Many times when I identified as Libertarian, people said to me, “It’s just rich white guys that don’t want to be told what to do,” and I had a zillion answers to that — and now that seems 100 percent accurate.
But Penn also had some interesting comments when asked about Jews, Israel, and Palestine. At first, what he started to say made me a bit squirmy -- he indicated he didn't really understand the notion of being "culturally Jewish", and clearly thought it was a bit absurd. But he righted ship in the next question, when the interviewer asked "Because of the Israel-Hamas war, even talking about this can bring up accusations that, by being critical of Judaism[!!!] or Israel, it’s almost automatically anti-Semitism. Are you nervous talking about this?" Now, as you probably know, whenever I hear this "almost automatically antisemitic" claim, my blood pressure almost automatically spikes. But here I thought Penn said something very thoughtful in reply:
Yes, I’m very nervous. But I want to be a little more high-minded. I’m not as nervous about being attacked for it as I am nervous about being wrong. As a good friend of mine said, “I don’t mind being called an asshole — I don’t want to be an asshole.” (Laughs)
I've promised myself over and over again that I won’t say, publicly, even to friends, anything about what’s happening in Israel because it is far beyond me. I have no understanding of what it feels like for an organized group to come into where I’m living and kill people that I know — I’ve never experienced that, so, “Shut up.” And, yet, to live in the world, we have to contemplate that a little bit.

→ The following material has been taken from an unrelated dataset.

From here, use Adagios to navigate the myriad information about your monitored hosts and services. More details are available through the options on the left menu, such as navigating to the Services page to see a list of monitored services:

At the outset, I'm thrilled that Penn takes exactly the right line -- there's no entitlement not to be called an asshole ((or an antisemite)or an antisemite) when there's a colorable case that you're being one, and it's the latter prospect that one should worry about. Kudos to Penn for resisting this incredibly popular "anti-anti-racist" framing.
More broadly, someone -- I forget who -- said that one of the more pernicious features of current discursive climates on campuses is the immense pressure to declare an opinion, regardless of whether one feels confident enough in one's own knowledge to commit to one. "Silence is complicity" and all that; but it means that there is very little space for people to just step back and say "I don't know, I'm still learning about this, and I'm not going to be dragooned into a position before I'm ready to take one." The person who said this was talking about students in college, but I think the trend is more general than that, and again, I think Penn is quite right to resist it even as he notes (also correctly) that this forbearance is not stopping (and should not stop) him from thinking on the subject. As someone who thinks that one of the keystones of epistemic antisemitism is a perceived entitlement to talk about Jews without really knowing about Jews, I again view Penn's behavior here as a welcome form of epistemic humility.
So yes -- a good, thoughtful interview. I encourage folks to read it. It's a good example of someone who I think is committing himself to some important epistemic virtues even as he is clearly still, in my view, working through some thoughts.